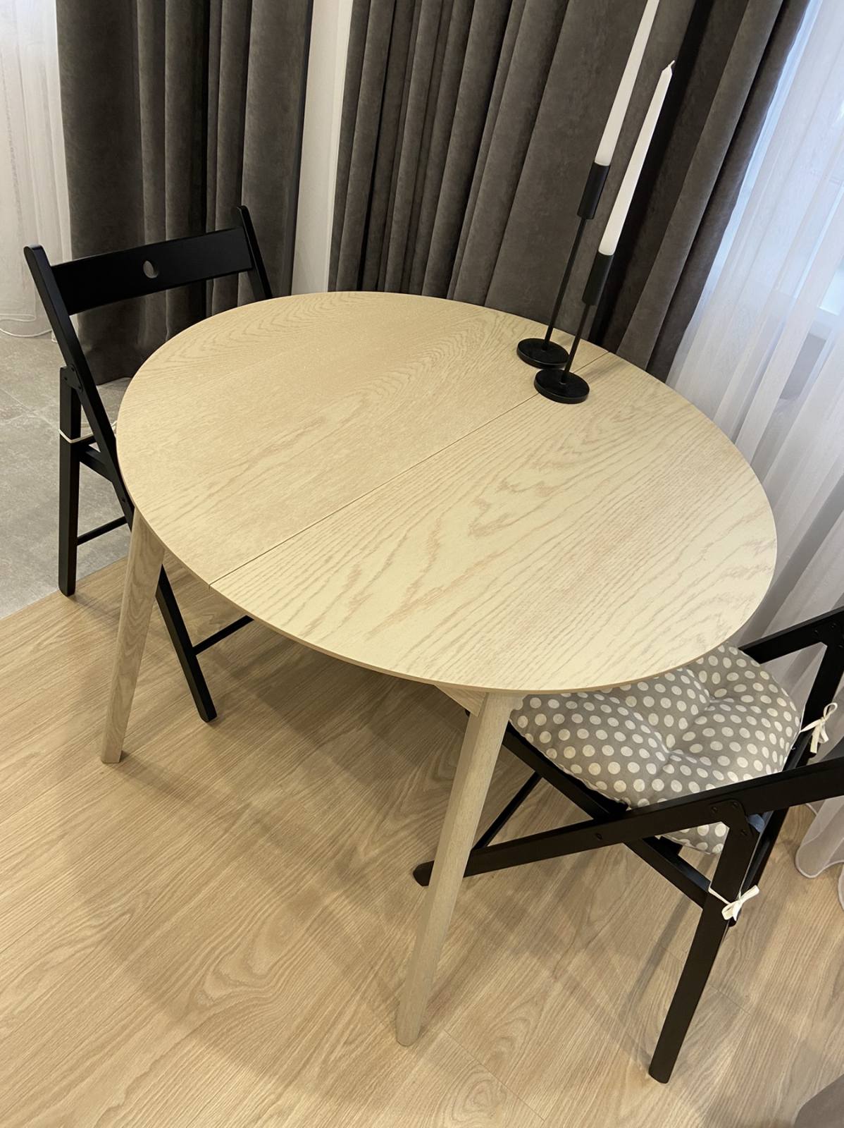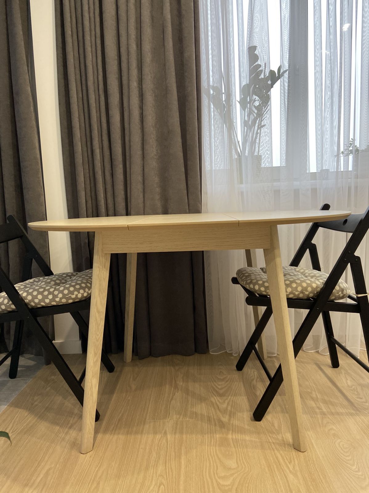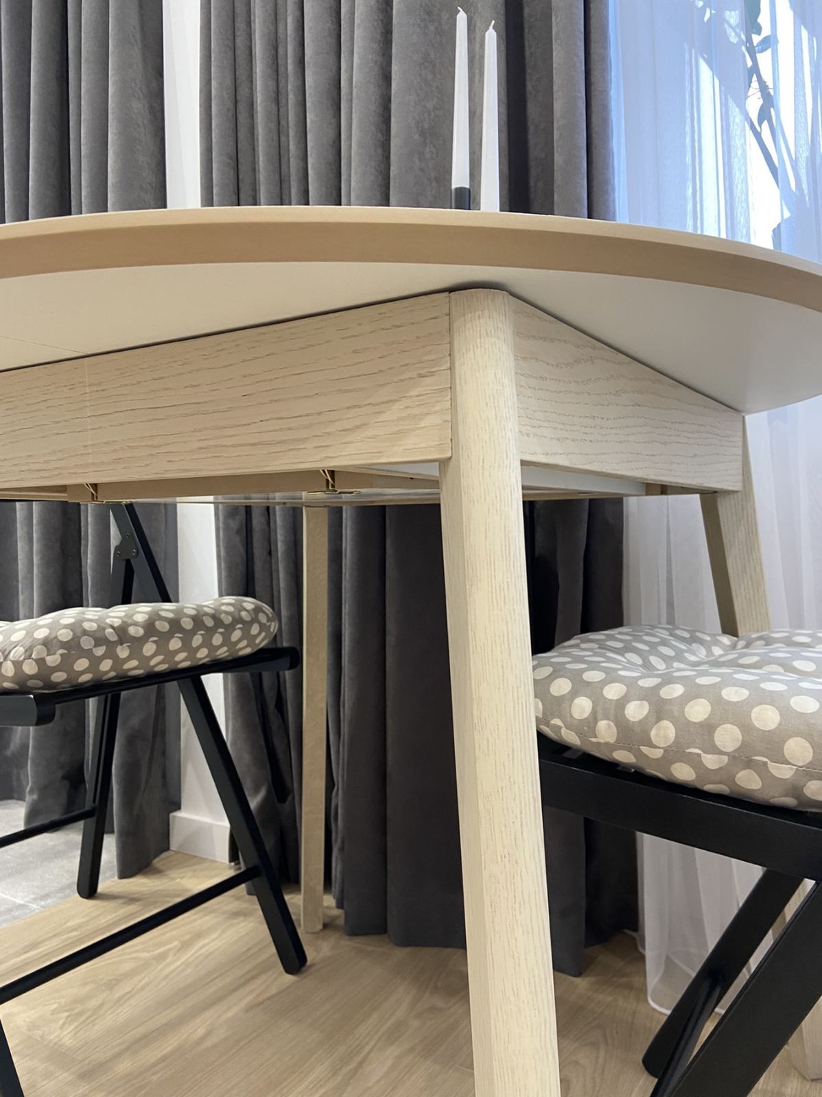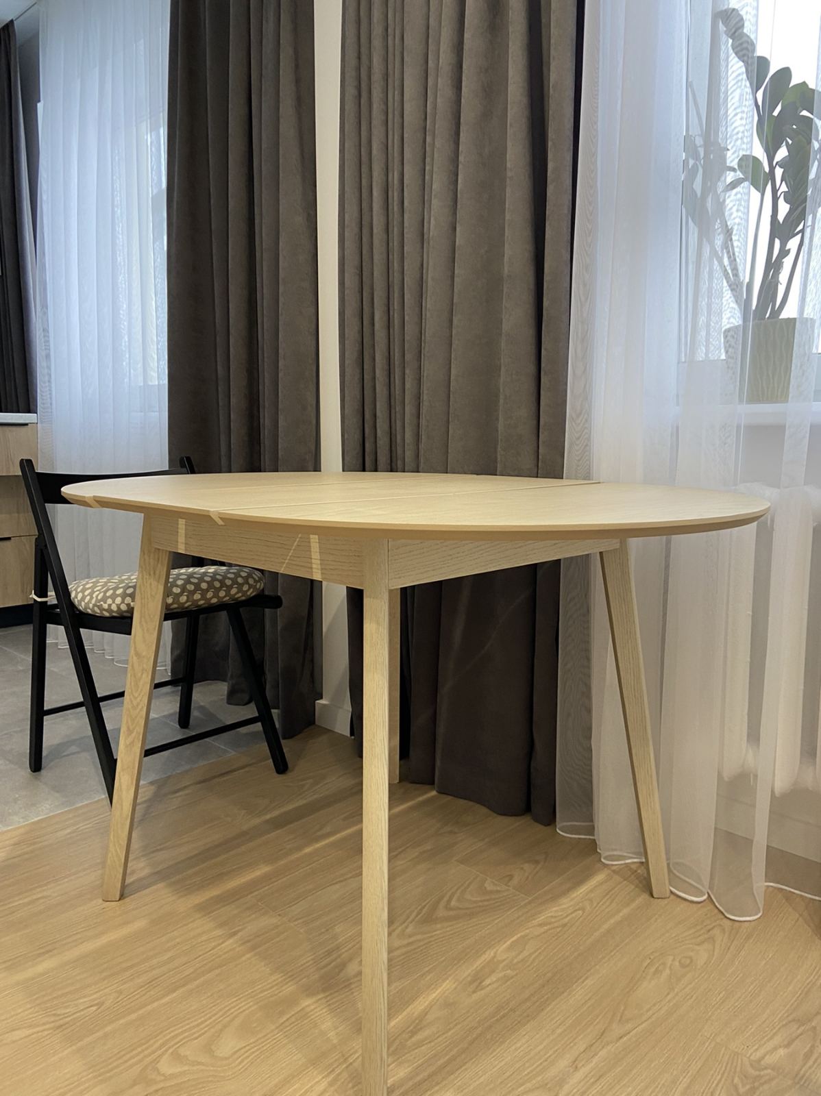 код 132265Размер: d900+330. Ножки: массив дуба. Столешница: натуральный шпон дуба+мдф.
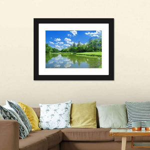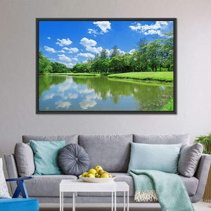 A realistic lakeside scene of lake, trees, sky and clouds with the clouds reflected in the water. The composition follows the rule of thirds and the blue, green and white palette creates a peaceful, serene mood. Suited to modern home living spaces as a calm focal piece.
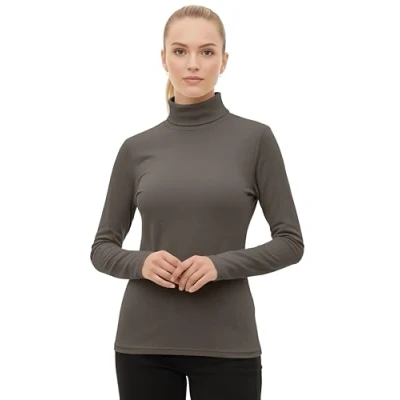 Love My Fashions® Women's Turtle Polo Neck Long Sleeve Plain Top Stretchy Pullover High Ladies Coffee

[What is expected] Every line from the one with "A realistic lakeside" through the last line of the data must be copied exactly. Leave the pictures out.

[Answer for the task]
 A realistic lakeside scene of lake, trees, sky and clouds with the clouds reflected in the water. The composition follows the rule of thirds and the blue, green and white palette creates a peaceful, serene mood. Suited to modern home living spaces as a calm focal piece.
 Love My Fashions® Women's Turtle Polo Neck Long Sleeve Plain Top Stretchy Pullover High Ladies Coffee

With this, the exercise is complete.